According to the claim:
- Verano first made an unsolicited offer for Goodness Growth in August 2021 – an all-stock deal valued at 425 million Canadian dollars (roughly $309 million). Goodness Growth declined that offer, deeming it too low.
- After receiving proposals from four other parties, Goodness Growth agreed to an exclusivity term in second Verano’s proposal and then accepted an all-stock deal valued at $413 million (whereby Verano would issue 0.22652 shares for each share of Goodness Growth as well as 22.652 shares for each Goodness Growth super voting share).
- Verano’s stock price declined by nearly 47% between January and October, from $13.40 to $6.95.
- Between March and July, Verano “interfered” with Goodness Growth’s attempts to complete the proxy statement required by the U.S. Securities and Exchange Commission (SEC) to complete the deal. Goodness Growth alleges Verano did not provide information in a timely manner and sought to add adjustable exchange ratios or other steps not included in the arrangement agreement.
- Goodness Growth filed the proxy with the SEC on July 20. Then, on July 25, Verano put Goodness Growth on notice of alleged breaches of the arrangement agreement and provided notice of its “right to terminate the Arrangement Agreement.”
- On July 27, without notifying Goodness Growth, Verano announced it would have to restate its financials from five previous quarters.
- In August, Verano asked Goodness Growth to consider a lower consideration at about 20% less than the original arrangement.
- On Sept. 1, Verano stated that “if (Goodness Growth and Verano) are unable to find common ground, (Verano) will be exercising (its) legal right to terminate the Arrangement Agreement.” Goodness Growth refused.
- On Sept. 8, Verano proposed a 5% reduction in the value of the deal and said it would waive a New York regulatory approval condition if allowed by the state. Goodness Growth refused.
- The restated financials meant the proxy needed updates, which the SEC required by Sept. 14. Goodness Growth alleges Verano didn’t supply all its updated information until the night before it was due and “suggested that it would provide input on the response and draft amendment to the proxy statement if Goodness Growth agreed to renegotiate the purchase price under the Arrangement Agreement.”

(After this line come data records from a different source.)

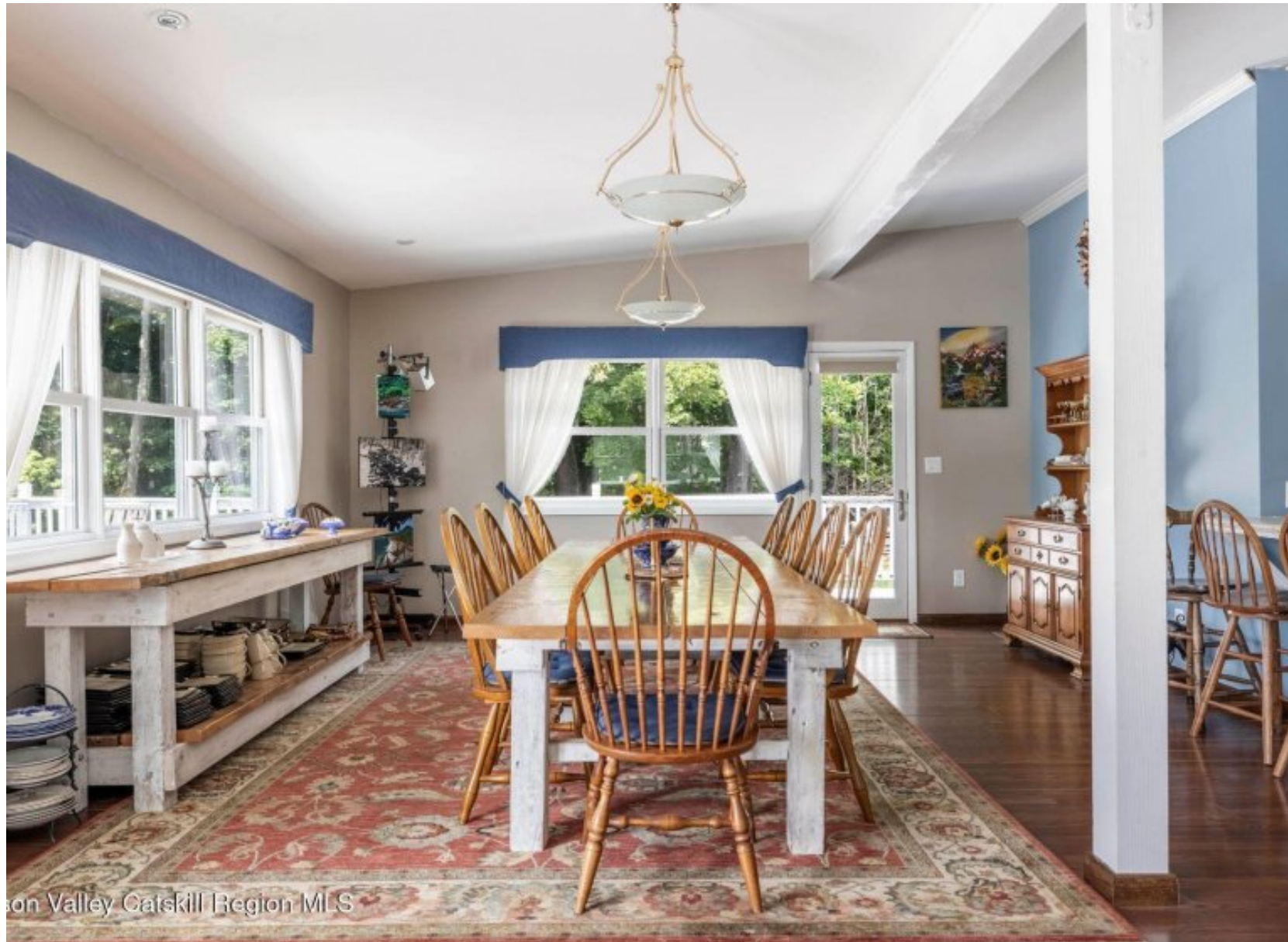
son Valley Catskill Region MI S
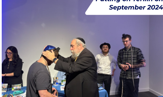
Putting on Tefilin on September 2024

High Holiday services at a prestigious waterfront location provided inspiration and meaningful community connection. The Breakfast with Friends made breaking the fast feel like a celebration. The Shofar on the boardwalk taught them to be proud ambassadors of Jewish tradition, while Sukkot programming showed them how to bring Jewish joy into every aspect of life through innovative Sukkah Mobile .
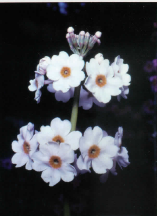
P. japonica white
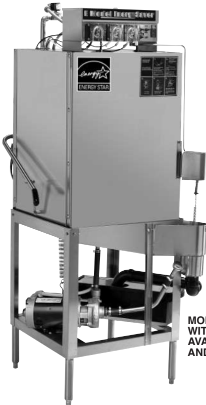
MODEL E EXT WITH 20-1/2" DOOR OPENING AVAILABLE IN STRAIGHT AND CORNER MODEL
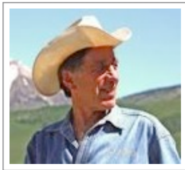
Harvey Stone © Stone

The creative team at Earth Stone designed two additional product lines: consumers cleaning and personal care products, and industry abrasives, aggregates and filtration medium. The "QuickSand" sanding block lasts longer than sandpaper and each block is made from one beer bottle. The cleaning products for swimming pools and kitchens are alternatives based on "physics" rather than toxic chemicals. The four business sectors of Earth Stone and the experience of research, which started without previous experience in the field, resulted in a highly flexible foam glass production design that could accommodate nearly any technical requirement from the customer. The highly standardized volume production from Belgium stands now in stark contrast with the highly flexible small runs in the US.
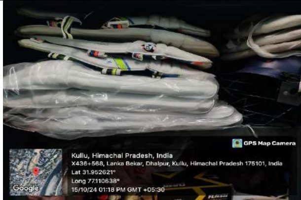
GPS Map Camera Kullu, Himachal Pradesh, India X436+568, Lanka Bekar, Dhalpur, Kullu, Himachal Pradesh 175101, India Lat 31.952621° Long 77.110638° 15/10/24 01:18 PM GMT +05:30
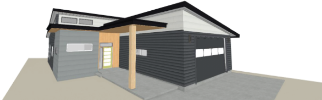
Front Garage Option
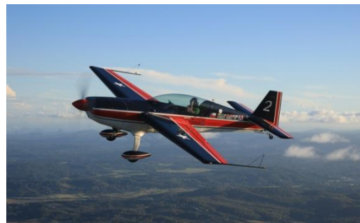
Figure 2 Our Extra 300

With close ties to serving ADF Pilots our course material is constantly updated to reflect the current ADF pilot selection requirements and we can put you in direct contact if you have any questions we can't answer, or if you just need sound advice from an active ADF pilot. Our ADF Flight Screening Prep.
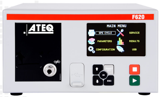
LEAK CONTROL F620
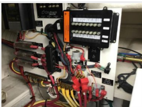
Fuse Panel And Breakers
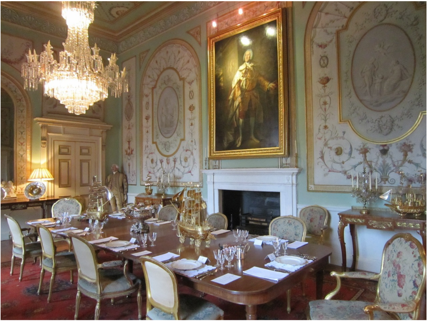
Dining room Inverary Castle
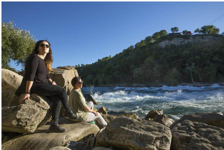
NIAGARA RIVER, NIAGARA FALLS

Over 12,000 years ago, near the end of the Ice Age, large torrents of water were released from the melting ice, draining into what is now known as the Niagara River. The water began to flow over a large cliff known as the Niagara Escarpment. It is here that the Niagara Falls first formed. Over the years, the brink had eroded, sometimes as much as six feet per year, to its present site and carved through underlying rock forming the 7-mile gorge that we see today.
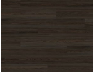
648-706-B (8 mil) 648-706-A (12 mil)

- Goodness Growth supplied its amended proxy on Sept. 14.
- When the SEC sent its second comment letter, Verano again failed to provide information in a timely manner and “used the review of drafts as a pretence for asserting that the parameters of the proposed Plan of Arrangement had changed.”
- After sending its response, Goodness Growth received notice from the SEC on Oct. 7 saying it would approve the proxy statement and would have no further questions and a hearing was scheduled for Oct. 14.
- On Oct. 13, Verano delivered a Notice of Termination. On Oct. 14, Goodness Growth accepted the repudiation.
Goodness Growth is seeking damages for breach of contract, good faith and honest performance as well as special, punitive, aggravated or exemplary damages.
According to the notice, “Goodness Growth has suffered and will suffer loss and damage as a result of Verano’s breaches as described above, including the transaction costs associated with the Arrangement Agreement, opportunity costs in relation to other potential transactions both during the exclusivity period and following the Arrangement Agreement, and loss of synergies associated with the proposed transaction.”
Shares of Goodness Growth dropped by about 60% after news of the scrapped deal got out.